Saved entries:
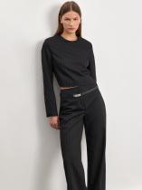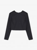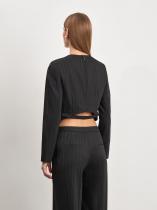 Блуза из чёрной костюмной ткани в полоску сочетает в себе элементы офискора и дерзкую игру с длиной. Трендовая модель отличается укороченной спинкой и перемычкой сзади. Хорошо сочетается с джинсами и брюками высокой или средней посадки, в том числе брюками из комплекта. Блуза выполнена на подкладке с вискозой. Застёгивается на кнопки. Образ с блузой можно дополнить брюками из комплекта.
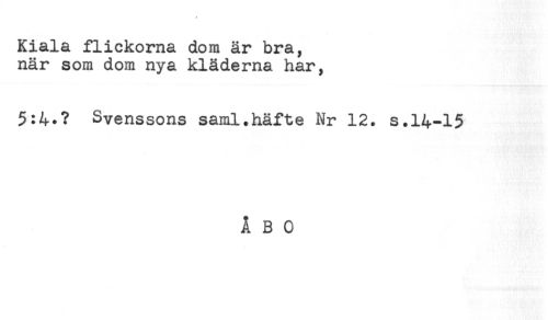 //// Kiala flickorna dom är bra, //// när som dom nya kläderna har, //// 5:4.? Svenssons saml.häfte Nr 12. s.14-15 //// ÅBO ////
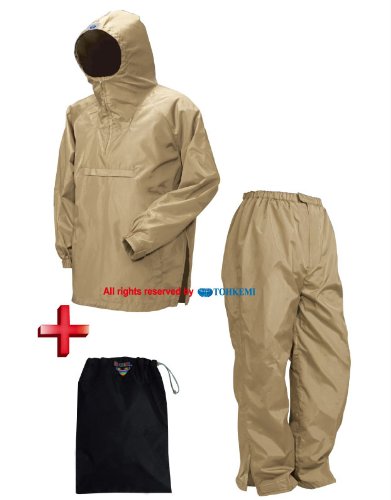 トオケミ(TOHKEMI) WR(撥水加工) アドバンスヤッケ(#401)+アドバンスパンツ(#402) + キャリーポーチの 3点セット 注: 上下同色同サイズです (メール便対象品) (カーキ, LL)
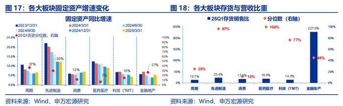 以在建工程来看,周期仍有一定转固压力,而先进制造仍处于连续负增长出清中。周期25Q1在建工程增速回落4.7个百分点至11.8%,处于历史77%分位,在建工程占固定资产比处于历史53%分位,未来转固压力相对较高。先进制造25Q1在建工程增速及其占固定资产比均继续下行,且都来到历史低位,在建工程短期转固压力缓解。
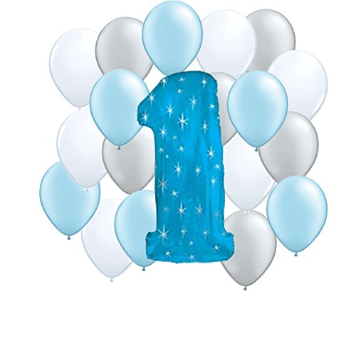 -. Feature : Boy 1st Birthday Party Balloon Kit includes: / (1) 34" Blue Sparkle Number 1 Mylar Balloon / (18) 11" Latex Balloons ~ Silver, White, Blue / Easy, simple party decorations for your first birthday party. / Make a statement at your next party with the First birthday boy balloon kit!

- [WORK INSTRUCTIONS]
Above are the records; reproduce them exactly and leave out the pictures.

- [ANSWER SECTION]
 Блуза из чёрной костюмной ткани в полоску сочетает в себе элементы офискора и дерзкую игру с длиной. Трендовая модель отличается укороченной спинкой и перемычкой сзади. Хорошо сочетается с джинсами и брюками высокой или средней посадки, в том числе брюками из комплекта. Блуза выполнена на подкладке с вискозой. Застёгивается на кнопки. Образ с блузой можно дополнить брюками из комплекта.
 //// Kiala flickorna dom är bra, //// när som dom nya kläderna har, //// 5:4.? Svenssons saml.häfte Nr 12. s.14-15 //// ÅBO ////
 トオケミ(TOHKEMI) WR(撥水加工) アドバンスヤッケ(#401)+アドバンスパンツ(#402) + キャリーポーチの 3点セット 注: 上下同色同サイズです (メール便対象品) (カーキ, LL)
 以在建工程来看,周期仍有一定转固压力,而先进制造仍处于连续负增长出清中。周期25Q1在建工程增速回落4.7个百分点至11.8%,处于历史77%分位,在建工程占固定资产比处于历史53%分位,未来转固压力相对较高。先进制造25Q1在建工程增速及其占固定资产比均继续下行,且都来到历史低位,在建工程短期转固压力缓解。
 -. Feature : Boy 1st Birthday Party Balloon Kit includes: / (1) 34" Blue Sparkle Number 1 Mylar Balloon / (18) 11" Latex Balloons ~ Silver, White, Blue / Easy, simple party decorations for your first birthday party. / Make a statement at your next party with the First birthday boy balloon kit!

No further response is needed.